Dataset entries

+ + + +

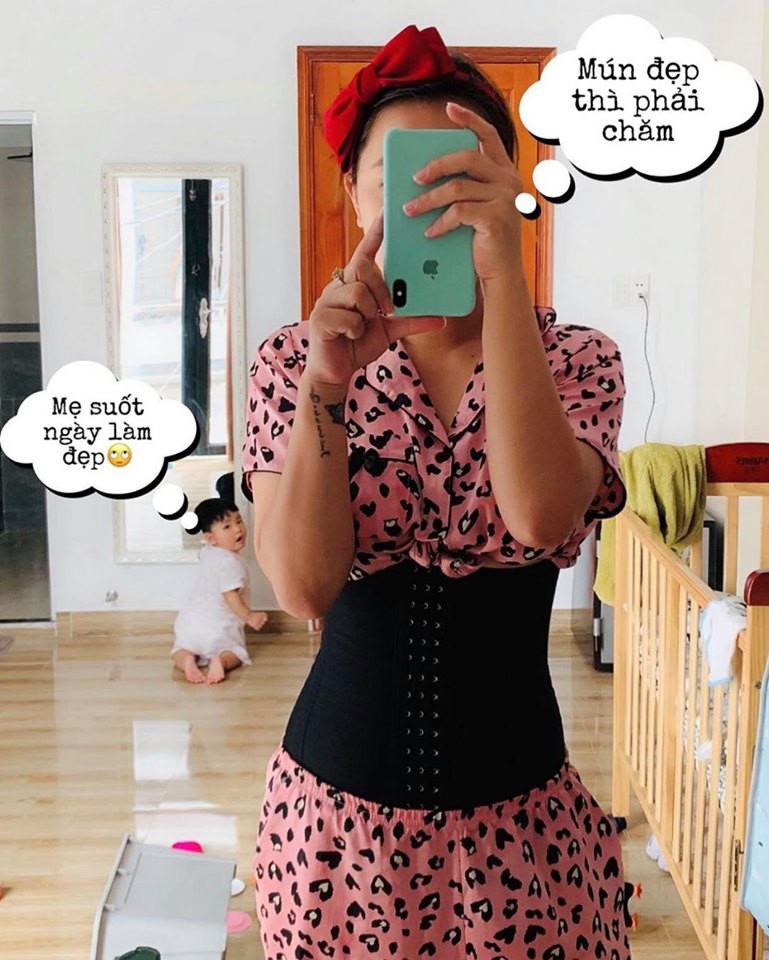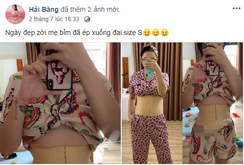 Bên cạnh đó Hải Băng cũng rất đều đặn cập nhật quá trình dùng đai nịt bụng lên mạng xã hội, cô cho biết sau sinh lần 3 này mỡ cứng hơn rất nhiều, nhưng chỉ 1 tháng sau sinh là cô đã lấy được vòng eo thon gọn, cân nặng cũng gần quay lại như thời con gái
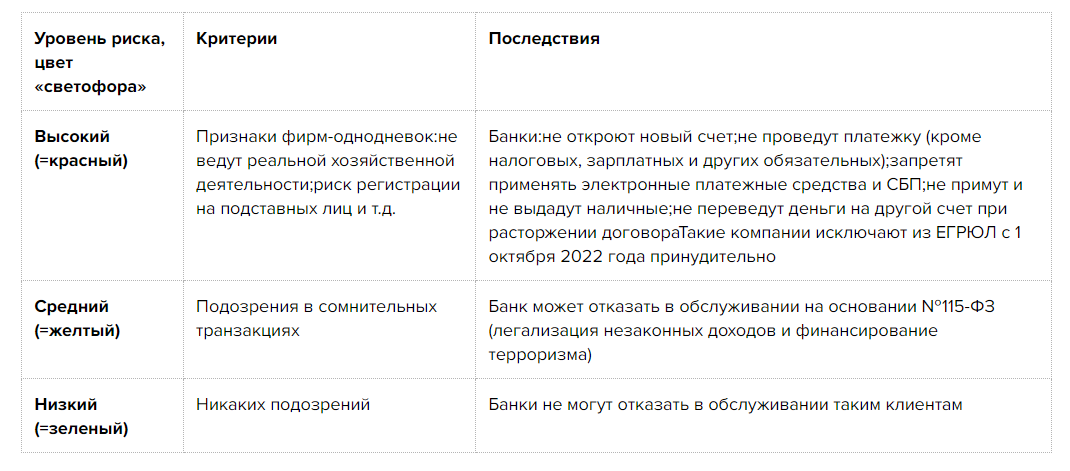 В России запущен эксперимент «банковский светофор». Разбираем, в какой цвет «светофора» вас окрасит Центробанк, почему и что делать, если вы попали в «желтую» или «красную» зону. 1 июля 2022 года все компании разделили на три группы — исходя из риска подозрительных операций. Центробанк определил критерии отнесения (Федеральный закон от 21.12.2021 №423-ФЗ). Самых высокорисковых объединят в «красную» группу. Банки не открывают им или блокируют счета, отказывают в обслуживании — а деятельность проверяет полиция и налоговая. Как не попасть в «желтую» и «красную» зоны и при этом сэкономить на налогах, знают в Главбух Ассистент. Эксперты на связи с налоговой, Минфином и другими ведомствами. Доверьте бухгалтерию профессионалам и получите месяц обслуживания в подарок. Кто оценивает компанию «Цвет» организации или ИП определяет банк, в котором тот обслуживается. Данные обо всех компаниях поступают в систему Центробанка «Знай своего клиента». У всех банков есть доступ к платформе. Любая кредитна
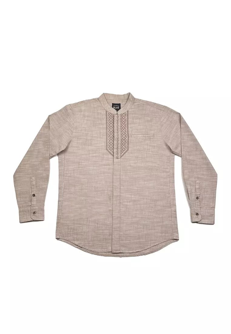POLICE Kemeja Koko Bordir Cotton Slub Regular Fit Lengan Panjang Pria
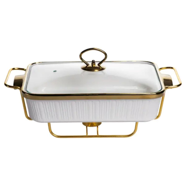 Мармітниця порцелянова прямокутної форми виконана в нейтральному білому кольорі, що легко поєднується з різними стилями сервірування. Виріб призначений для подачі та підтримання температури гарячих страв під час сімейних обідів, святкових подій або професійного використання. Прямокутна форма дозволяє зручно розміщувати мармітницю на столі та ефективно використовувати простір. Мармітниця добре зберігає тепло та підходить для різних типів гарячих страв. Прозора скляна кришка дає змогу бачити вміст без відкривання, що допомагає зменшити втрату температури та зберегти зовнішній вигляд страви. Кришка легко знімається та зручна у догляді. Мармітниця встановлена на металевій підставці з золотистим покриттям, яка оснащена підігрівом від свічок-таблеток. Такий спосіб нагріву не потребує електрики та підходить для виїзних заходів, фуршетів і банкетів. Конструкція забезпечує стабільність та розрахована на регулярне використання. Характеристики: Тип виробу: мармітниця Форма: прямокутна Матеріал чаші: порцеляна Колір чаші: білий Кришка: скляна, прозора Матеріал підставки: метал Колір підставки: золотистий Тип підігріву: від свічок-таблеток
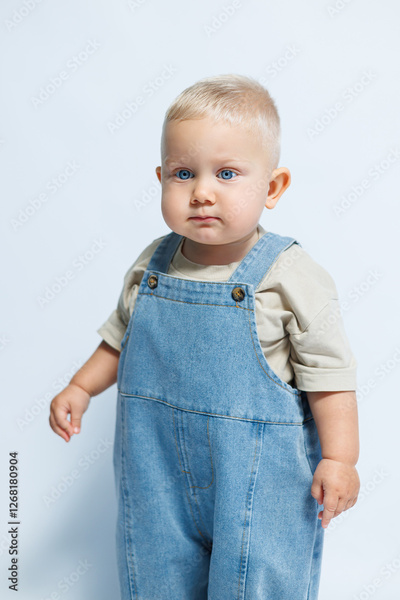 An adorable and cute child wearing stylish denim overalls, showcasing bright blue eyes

+ + + +

When you copy the records above, keep every word exact and leave out the pictures they contain.

# Exercise response
 Bên cạnh đó Hải Băng cũng rất đều đặn cập nhật quá trình dùng đai nịt bụng lên mạng xã hội, cô cho biết sau sinh lần 3 này mỡ cứng hơn rất nhiều, nhưng chỉ 1 tháng sau sinh là cô đã lấy được vòng eo thon gọn, cân nặng cũng gần quay lại như thời con gái
 В России запущен эксперимент «банковский светофор». Разбираем, в какой цвет «светофора» вас окрасит Центробанк, почему и что делать, если вы попали в «желтую» или «красную» зону. 1 июля 2022 года все компании разделили на три группы — исходя из риска подозрительных операций. Центробанк определил критерии отнесения (Федеральный закон от 21.12.2021 №423-ФЗ). Самых высокорисковых объединят в «красную» группу. Банки не открывают им или блокируют счета, отказывают в обслуживании — а деятельность проверяет полиция и налоговая. Как не попасть в «желтую» и «красную» зоны и при этом сэкономить на налогах, знают в Главбух Ассистент. Эксперты на связи с налоговой, Минфином и другими ведомствами. Доверьте бухгалтерию профессионалам и получите месяц обслуживания в подарок. Кто оценивает компанию «Цвет» организации или ИП определяет банк, в котором тот обслуживается. Данные обо всех компаниях поступают в систему Центробанка «Знай своего клиента». У всех банков есть доступ к платформе. Любая кредитна
POLICE Kemeja Koko Bordir Cotton Slub Regular Fit Lengan Panjang Pria
 Мармітниця порцелянова прямокутної форми виконана в нейтральному білому кольорі, що легко поєднується з різними стилями сервірування. Виріб призначений для подачі та підтримання температури гарячих страв під час сімейних обідів, святкових подій або професійного використання. Прямокутна форма дозволяє зручно розміщувати мармітницю на столі та ефективно використовувати простір. Мармітниця добре зберігає тепло та підходить для різних типів гарячих страв. Прозора скляна кришка дає змогу бачити вміст без відкривання, що допомагає зменшити втрату температури та зберегти зовнішній вигляд страви. Кришка легко знімається та зручна у догляді. Мармітниця встановлена на металевій підставці з золотистим покриттям, яка оснащена підігрівом від свічок-таблеток. Такий спосіб нагріву не потребує електрики та підходить для виїзних заходів, фуршетів і банкетів. Конструкція забезпечує стабільність та розрахована на регулярне використання. Характеристики: Тип виробу: мармітниця Форма: прямокутна Матеріал чаші: порцеляна Колір чаші: білий Кришка: скляна, прозора Матеріал підставки: метал Колір підставки: золотистий Тип підігріву: від свічок-таблеток
 An adorable and cute child wearing stylish denim overalls, showcasing bright blue eyes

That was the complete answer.